▸ **Requirement**
Output only the entries, exactly as given, without the pictures.

▸ **Exercise data**
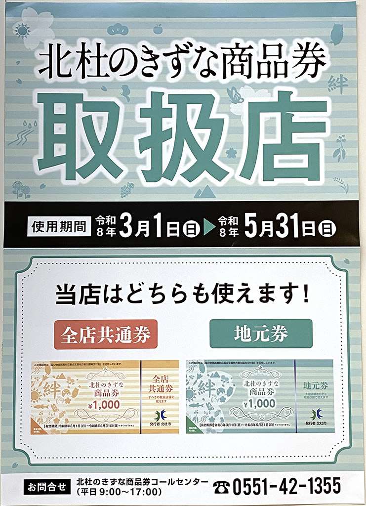 北杜市が発行する「北杜のきずな商品券」が2026年3月1日〜5月31日の期間中、取扱店のポスターが掲示されている参加施設にてご利用いただけます。プチホテルグループ加盟施設でもご宿泊やお食事にご利用いただくことができます。 ぜひこの機会に、商品券をご利用いただきお得に清里の休日をお楽しみ下さい! ※ご宿泊のご利用には事前のご予約が必要です。 ※施設により期間中でもご利用除外日やクーポン対象外商品がありますので、別途ご確認くださいませ。 |
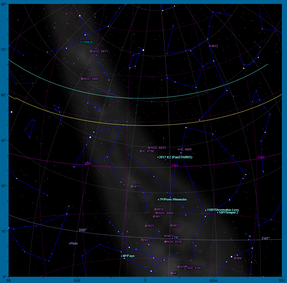 From Cygnus near the zenith, the Milky Way arches southward through Aquila (with Altair) down to Sagittarius’s “Teapot.” Nestled in the star clouds are the little constellations Vulpecula, Sagitta, Delphinus and Scutum (home to the binocular-friendly “Wild Duck” cluster M11), with Capricornus and Aquarius rising to the southeast.
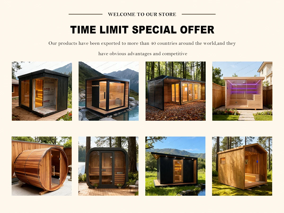 Prodotti principali: Sauna interna/Sauna esterna/Sauna a botte, sauna all'aperto, sauna tradizionale, sauna panoramica, sauna a vapore
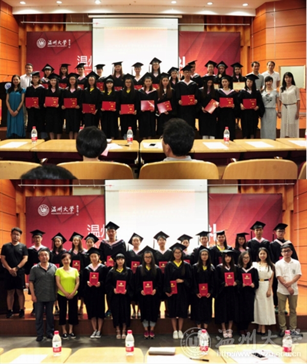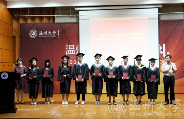 6月15日下午,万象城awc888在岩松堂雁山厅隆重举行2016届本科生毕业典礼暨学位授予仪式。出席典礼仪式的领导有:万象城awc888校长李校堃、万象城awc888院长李运河、党总支书记张丽萍、副院长谢子静、副院长王薇、副书记杨振海。此外,毕业班班主任、教师代表、各系主任、全体毕业班同学参加了本次典礼。学院党总支副书记杨振海主持典礼。 首先,杨书记宣布毕业典礼正式开始。 学院副院长谢子静宣读了校优和院优毕业作品获得者名单,学院党总支书记张丽萍宣读了省优、校优和院优毕业生获得者名单,学院领导班子和教师代表一一为他们颁奖、合影留念以资鼓励。 副院长谢子静、副院长王薇与校优毕业作品获得者合影留念 教师代表与院优毕业作品获得者合影留念 院长李运河、书记张丽萍与省优获得者合影留念 为了更好的与毕业生保持联系,学院特意设立了各班级的校友联络员,学院副院长王薇宣读联络员名单,院长李运河、书记张丽萍为每位校友联络员颁发聘书。省优毕业生12级服装设计与工程的姚玉骏代表2016届毕业生发言,她回忆了在温大的学习与生活,表达了毕业生们即将离开母校的不舍与感激之情。 省优毕业生代表姚玉骏同学发言 至此,院长李运河为2016届全体毕业生致辞!他希望大家学有所成,艺有所就,以修身治国平天下的儒思信条指引自己的人生路途。心存高远志向、自信勇敢地面对人生路上的机遇与挑战,让青春在时代步伐中焕发绚丽的光彩。 院长李运河为毕业生致辞 最后,由万象城awc888校长李校堃为每位毕业生一一拨穗、颁发学位证书,并合影留念。希望这次隆重的毕业典礼将成为每位学子心中最难忘的回忆。祝福毕业生同学们前程似锦,鹏程万里,共创更加美好的明天! 校长李校堃与16届毕业生合影留念
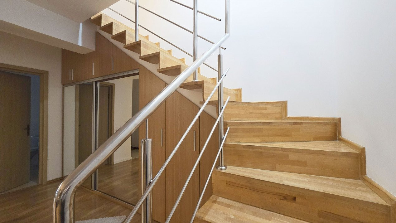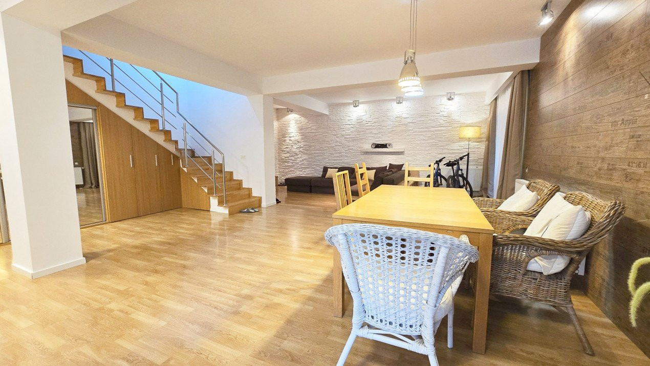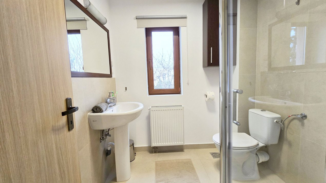 Altfel, casa, pe cat de generoasa si confortabila, este pe atat de intima, atat cat isi doreste orice familie doritoare de liniste si confort sporit. Caci, in completarea livingului imens cu bucatarie deschisa si echipata complet, a dinning-ului si grupului sanitar de la parter, se regasesc la etaj doua dormitoare individuale, o baie si un dormitor matrimonial cu baie proprie, toate in aceeasi nota reconfortanta.
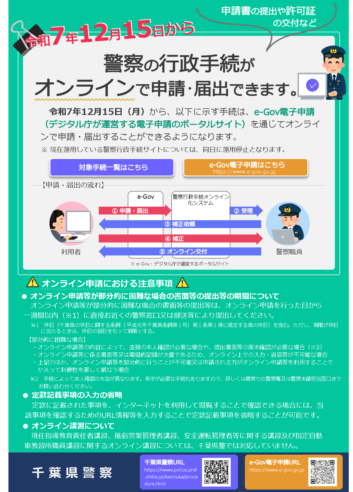 令和7年12月15日(月)から、以下に示す手続はe-Gov電子申請(デジタル庁が運営する電子申請のポータルサイト)を通じてオンラインで申請・届出することができます。

▸ **Solution to the problem**
 北杜市が発行する「北杜のきずな商品券」が2026年3月1日〜5月31日の期間中、取扱店のポスターが掲示されている参加施設にてご利用いただけます。プチホテルグループ加盟施設でもご宿泊やお食事にご利用いただくことができます。 ぜひこの機会に、商品券をご利用いただきお得に清里の休日をお楽しみ下さい! ※ご宿泊のご利用には事前のご予約が必要です。 ※施設により期間中でもご利用除外日やクーポン対象外商品がありますので、別途ご確認くださいませ。 |
 From Cygnus near the zenith, the Milky Way arches southward through Aquila (with Altair) down to Sagittarius’s “Teapot.” Nestled in the star clouds are the little constellations Vulpecula, Sagitta, Delphinus and Scutum (home to the binocular-friendly “Wild Duck” cluster M11), with Capricornus and Aquarius rising to the southeast.
 Prodotti principali: Sauna interna/Sauna esterna/Sauna a botte, sauna all'aperto, sauna tradizionale, sauna panoramica, sauna a vapore
 6月15日下午,万象城awc888在岩松堂雁山厅隆重举行2016届本科生毕业典礼暨学位授予仪式。出席典礼仪式的领导有:万象城awc888校长李校堃、万象城awc888院长李运河、党总支书记张丽萍、副院长谢子静、副院长王薇、副书记杨振海。此外,毕业班班主任、教师代表、各系主任、全体毕业班同学参加了本次典礼。学院党总支副书记杨振海主持典礼。 首先,杨书记宣布毕业典礼正式开始。 学院副院长谢子静宣读了校优和院优毕业作品获得者名单,学院党总支书记张丽萍宣读了省优、校优和院优毕业生获得者名单,学院领导班子和教师代表一一为他们颁奖、合影留念以资鼓励。 副院长谢子静、副院长王薇与校优毕业作品获得者合影留念 教师代表与院优毕业作品获得者合影留念 院长李运河、书记张丽萍与省优获得者合影留念 为了更好的与毕业生保持联系,学院特意设立了各班级的校友联络员,学院副院长王薇宣读联络员名单,院长李运河、书记张丽萍为每位校友联络员颁发聘书。省优毕业生12级服装设计与工程的姚玉骏代表2016届毕业生发言,她回忆了在温大的学习与生活,表达了毕业生们即将离开母校的不舍与感激之情。 省优毕业生代表姚玉骏同学发言 至此,院长李运河为2016届全体毕业生致辞!他希望大家学有所成,艺有所就,以修身治国平天下的儒思信条指引自己的人生路途。心存高远志向、自信勇敢地面对人生路上的机遇与挑战,让青春在时代步伐中焕发绚丽的光彩。 院长李运河为毕业生致辞 最后,由万象城awc888校长李校堃为每位毕业生一一拨穗、颁发学位证书,并合影留念。希望这次隆重的毕业典礼将成为每位学子心中最难忘的回忆。祝福毕业生同学们前程似锦,鹏程万里,共创更加美好的明天! 校长李校堃与16届毕业生合影留念
 Altfel, casa, pe cat de generoasa si confortabila, este pe atat de intima, atat cat isi doreste orice familie doritoare de liniste si confort sporit. Caci, in completarea livingului imens cu bucatarie deschisa si echipata complet, a dinning-ului si grupului sanitar de la parter, se regasesc la etaj doua dormitoare individuale, o baie si un dormitor matrimonial cu baie proprie, toate in aceeasi nota reconfortanta.
 令和7年12月15日(月)から、以下に示す手続はe-Gov電子申請(デジタル庁が運営する電子申請のポータルサイト)を通じてオンラインで申請・届出することができます。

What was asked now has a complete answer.